House - indeterminate date, Caherloghan, Co. Clare
Co. Clare |
House
Inside a cashel on the Caherloghan landscape in County Clare, a rectangular structure occupies the northern sector of the enclosure, its low drystone walls still legible beneath a coating of moss.
A cashel is a stone-walled ringfort, a form of enclosed settlement common across early medieval Ireland, and this one contains several distinct features crowded within its circuit. What makes this particular structure quietly arresting is the way it was built not in isolation but in conversation with the cashel itself, borrowing the internal face of the enclosing wall as its eastern boundary and the cashel's own internal dividing wall as its western limit.

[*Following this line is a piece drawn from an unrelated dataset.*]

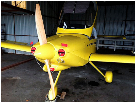
Van's RV-9A Engine Inlet Plugs

The rectangular space measures roughly twelve metres east to west and ten metres north to south. The northern wall, built from very large boulders, has a somewhat random character, as though assembled from whatever was most immediately to hand. The southern wall is longer and considerably thicker, running to about 3.2 metres in width, and carries a breach roughly two metres wide, set slightly off-centre towards the east, which may represent an original entrance. Immediately to the south of this structure sits another hut site, and a further one occupies the south-western sector of the cashel, suggesting the enclosure once sheltered several small buildings arranged around a shared interior. The date of the structure has not been established with any precision, which is itself telling; drystone architecture of this kind can be difficult to assign to a particular period without excavation, and the site at Caherloghan has not yielded the kind of material evidence that would settle the question. The grass-covered, level interior gives little away.